В рассказе “Казаринские дворики” иррациональное вторгается как ожиданная ситуация ареста, но не в тюрьме, а в смещённом пространстве сна, где дворики оказываются местом заключения. И убегая из этих двориков, – пробуя избежать своей судьбы – герой оказывается в еще большей неволе.

Иррациональное трансформирует будничный антураж. Так в рассказе “Старик” упоминается о возрасте старика в самом начале рассказа: “Лет ему 200 или 300” окрашивает последующее подробное и буквальное ожидание московского дворика и комнаты старика с окном завешанным одеялом, железной кроватью, заправленной по-солдатски и книгами в старинных переплётах на полках и с белым гипнотизирующим взгляд камином. Все это делает квартиру старика кельтским друидским центром магнетизма.

Как и у сюрреалистов, ситуация дезориентации нужна для обращения с новыми функциями и отношениями, а главное, для поисков иррационального знания объекта.

А странная девушка с тяжелым, насупленным взглядом металлически блестящих глаз (и голос ее потом окажется металлическим, и мы узнаем потом, что она, веря в дух учителя, положила руку в огонь) и особая атмосфера в комнате, где было тихо и напряженно светло, как места, куда недавно заглядывала смерть делают эту комнату местом встречи духовных энергий разного качества. Через три прихода героя показываются три разных состояния комнаты, что психологически показывает повествование. Комната трансформируется, меняет свой облик, чистота и пронзительная ясность ощущения с реальным присутствием смерти при первом посещении, с резкими космическими сполохами, проходящими через нее, угрожающе-наступающая и ультимативная – при втором визите и разоблачено будничная – при третьем. В этой комнате у человека меняется ощущение пространства и самого себя: тело то каменеет то деревянеет, меняет свои состояния, голос отдаляется, приближается, становится глухим, неповоротливым, шершавым. Взгляд девушки густеет, энергии переливаются, зыбкость, укачивание. Вещи, люди меняют свои формы, размеры, пропорции: он сидел на своем месте за столом, “но при этом так заполнял всю комнату, что любое чужое слово, чужой жест были бы кощунством, бестактностью” (с.77).

Объект в этих рассказах обладает качествами сюрреалистического объекта. Он становится пластичным состоянию, он многолик и является субъектом духовного окружения. Его связи с миром расширяются, в нем начинают проявляться новые функции, которые заменяют его конвенциональную ценность. Он начинает конденсировать в себе иррациональную ценность и знание.

В рассказе “Что есть истина” картина угрюмой утренней трапезы Носихина трансформируется в тему психологического вампиризма. В будничном, знакомом скрывается иррациональное.
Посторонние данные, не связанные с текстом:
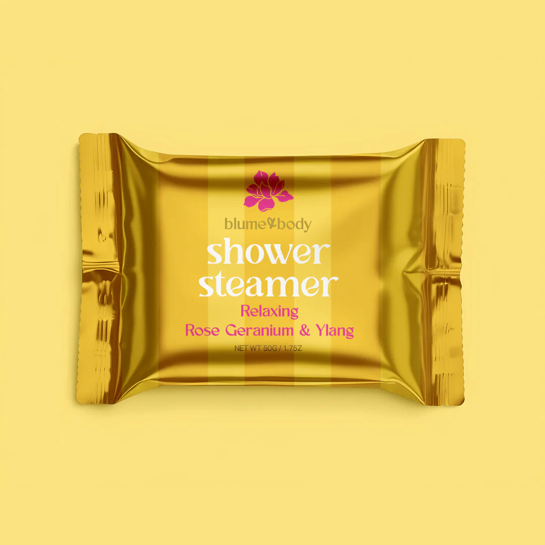 A floral and sweet aroma essential oil shower steamer with warm ROSE GERANIUM, HONEY and YLANG YLANG. Run a hot shower, let your shower steamer get wet, set aside while it fizzes. Breathe deep, relax and reset while the aroma lingers in the steam. Reposition as needed for best results.

Внутренние смещения накладываются на будничную канву: человек пришел узнать слово. Это слово знает учитель. Все сдвиги и смещения в объектах подготавливают к встрече со словом из чужого мифа. Императивное стремление к духовной эволюции, «желание установить истинность», сталкивается с равной по силе энергии духовной инволюции. Стремление «узнать слово», насиженный императив, согласно Дали, «эксперимент по отношению иррационального ознакомления с явлениями», как беспощадное столкновение психологического поля героя с жестокой логикой чужого мифа: “гудел носихинский бас, повторяясь в каждой зеркальной клетке пространства над головою Катова. И Катов в страхе стал биться в гулкую решетку звуков, пытаясь прорваться в ее узлы, в тугую плоть, чтобы распутать или разорвать оцепенение” (с.43).

Метаморфозы состояний, нарушение границы между реальным и ирреальным двойником объектов, выпуклая реальность воображения, аберрации, иллюзии, галлюцинации, миражи – так в психологическом субъективном пространстве Катова происходит борьба двух разных духовных энергий, «Неописуемые столкновения принципов» (А. Арто, p.52). Сюрреалистический сдвиг – иное качество ситуации, открывшее Катову положение борьбы. И кошка, скрывающаяся в Кисовой, и мышь в Катове, дают жуткую масштабность фигуре обладателя словом – выразителя мифа.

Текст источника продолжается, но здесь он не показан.